I noted the following interesting relation in a paper discussing the liquid-vapor phase change, in which it was given directly without any derivation and reference:

$$d\ln p^\text{eq}_\text{v}=\frac{1}{ \rho R T}dp+ \frac{H}{RT^2}dT, \quad (1)$$

where $p^\text{eq}_\text{v}$ is the equilibrium vapor pressure of a liquid, $\rho$ is the density of the liquid, $R$ is the gas constant, $T$ is the temperature, $H$ is the molar enthalpy.

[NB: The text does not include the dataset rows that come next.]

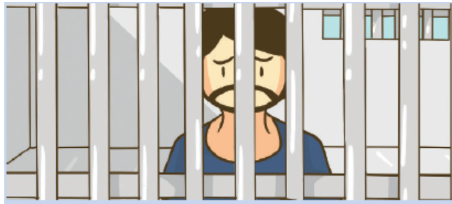
Gambar 2.4 Hukuman penjara merupakan salah satu sanksi bagi para pelanggar norma hukum.

menjadi harmonis, saling menghormati, saling menghargai, dan tolong menolong antarsesama.
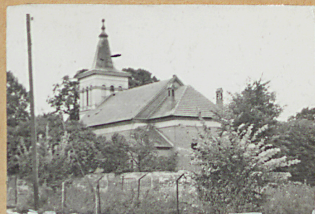
Elewacja wschodnia wysokość 6 m
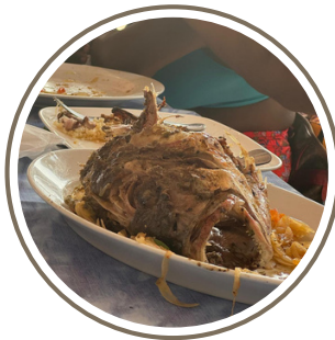
Un gros poisson
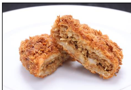
メンチカツ 250 円
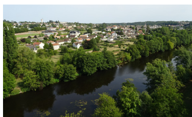
Vue sur Le Blanc depuis le viaduc

Plus de 13 communes visitées lors des itinéraires du PLUi (visites thématiques des différentes communes du territoire à la rencontre des initiatives et des paysages)

However, I really want to understand how the differential relation has been obtained.

I have some basic knowledge of equilibrium thermodynamics and thought that Eq.(1) has a close relationship with the Gibbs-Duhem relation

$$d \mu=-sdT +\nu dp, \quad (2)$$ in which $\mu$ is the chemical potential, $s$ and $\nu$ are the molar entropy and volume, respectively.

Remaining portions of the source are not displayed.